### Aim of the exercise
Copy every line of the data below exactly as given, except for the pictures.
------ Material provided ------
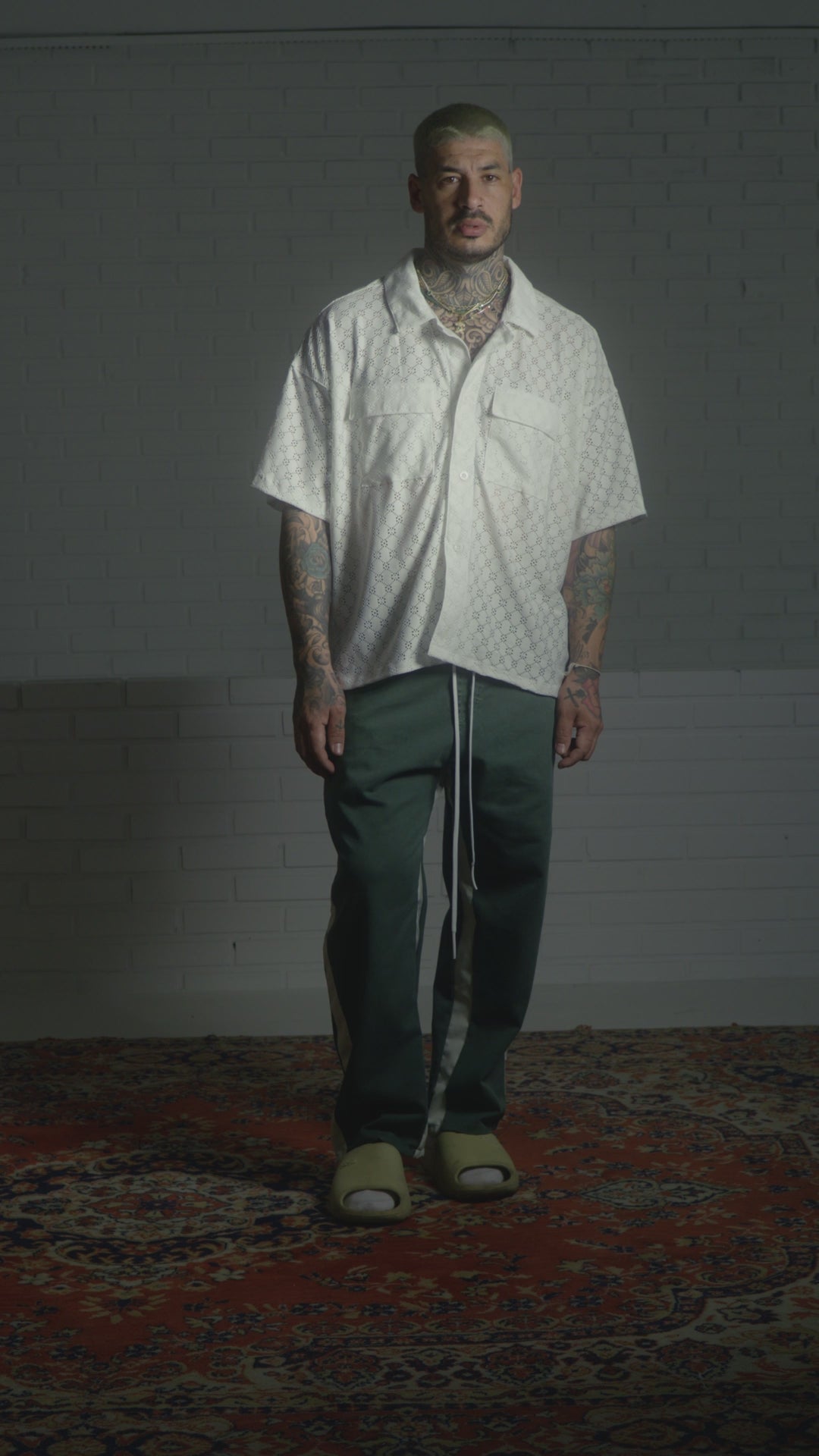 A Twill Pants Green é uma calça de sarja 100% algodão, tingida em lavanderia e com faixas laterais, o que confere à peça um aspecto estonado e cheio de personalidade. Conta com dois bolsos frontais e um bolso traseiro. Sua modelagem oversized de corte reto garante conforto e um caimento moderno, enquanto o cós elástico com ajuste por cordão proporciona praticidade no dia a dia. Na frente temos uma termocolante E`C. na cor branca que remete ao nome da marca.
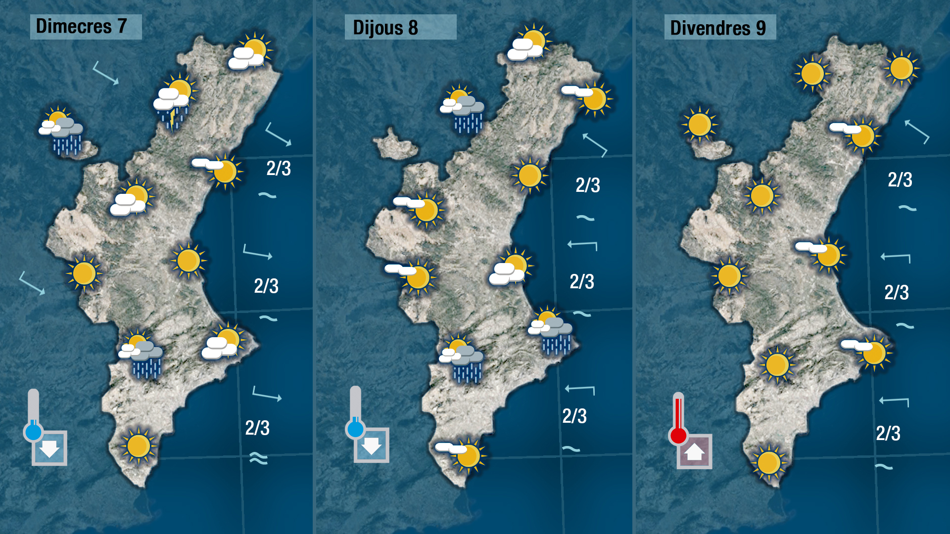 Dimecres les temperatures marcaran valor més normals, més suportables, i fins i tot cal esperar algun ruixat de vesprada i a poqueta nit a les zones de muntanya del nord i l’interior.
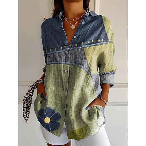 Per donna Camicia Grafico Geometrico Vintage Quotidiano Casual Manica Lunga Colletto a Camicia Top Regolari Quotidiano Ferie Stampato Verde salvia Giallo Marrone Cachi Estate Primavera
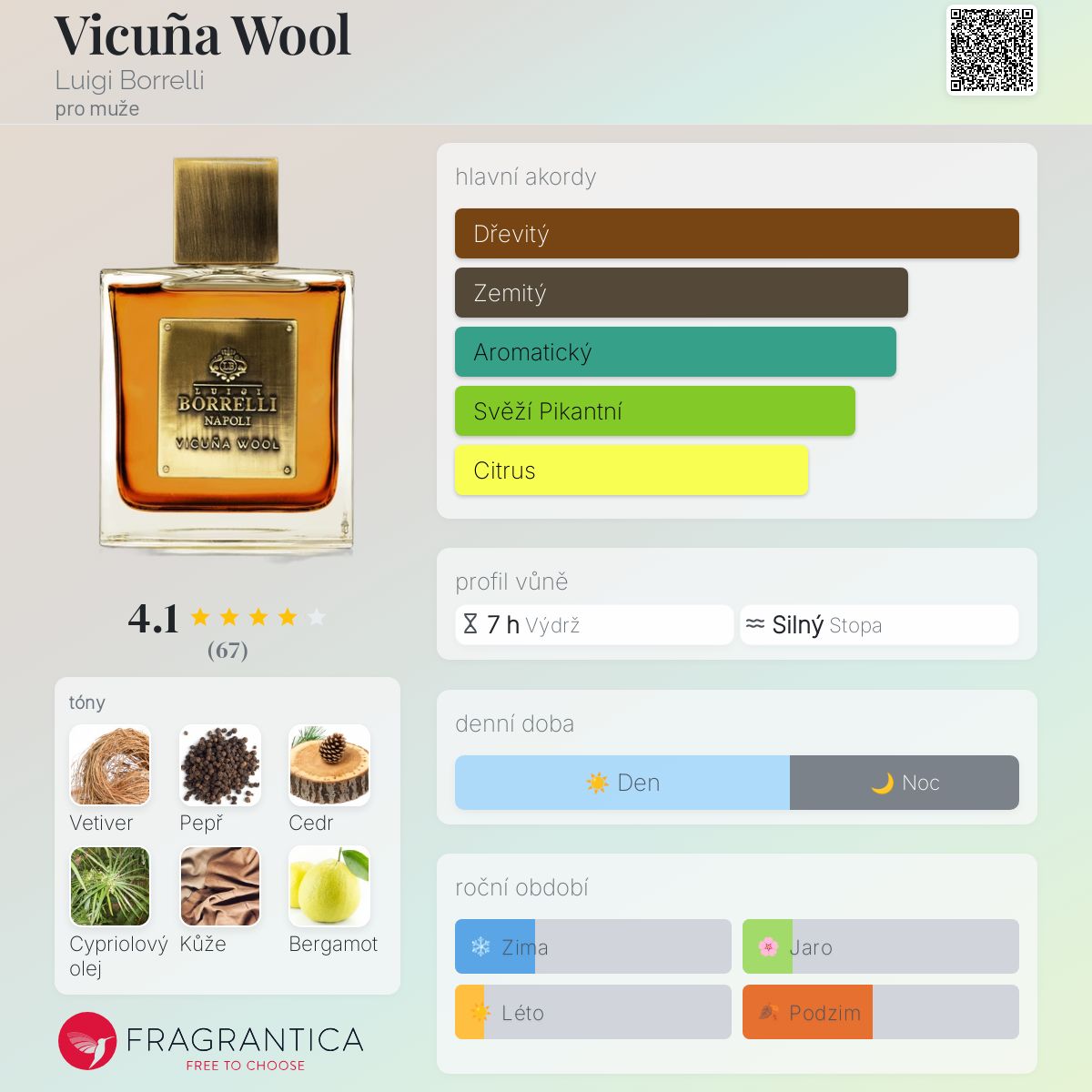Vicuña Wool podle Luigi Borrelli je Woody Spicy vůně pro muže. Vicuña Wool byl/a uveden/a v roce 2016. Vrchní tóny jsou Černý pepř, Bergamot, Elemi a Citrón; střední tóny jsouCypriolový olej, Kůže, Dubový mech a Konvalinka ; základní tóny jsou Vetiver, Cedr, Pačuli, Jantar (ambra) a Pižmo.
------
### Result
 A Twill Pants Green é uma calça de sarja 100% algodão, tingida em lavanderia e com faixas laterais, o que confere à peça um aspecto estonado e cheio de personalidade. Conta com dois bolsos frontais e um bolso traseiro. Sua modelagem oversized de corte reto garante conforto e um caimento moderno, enquanto o cós elástico com ajuste por cordão proporciona praticidade no dia a dia. Na frente temos uma termocolante E`C. na cor branca que remete ao nome da marca.
 Dimecres les temperatures marcaran valor més normals, més suportables, i fins i tot cal esperar algun ruixat de vesprada i a poqueta nit a les zones de muntanya del nord i l’interior.
 Per donna Camicia Grafico Geometrico Vintage Quotidiano Casual Manica Lunga Colletto a Camicia Top Regolari Quotidiano Ferie Stampato Verde salvia Giallo Marrone Cachi Estate Primavera
Vicuña Wool podle Luigi Borrelli je Woody Spicy vůně pro muže. Vicuña Wool byl/a uveden/a v roce 2016. Vrchní tóny jsou Černý pepř, Bergamot, Elemi a Citrón; střední tóny jsouCypriolový olej, Kůže, Dubový mech a Konvalinka ; základní tóny jsou Vetiver, Cedr, Pačuli, Jantar (ambra) a Pižmo.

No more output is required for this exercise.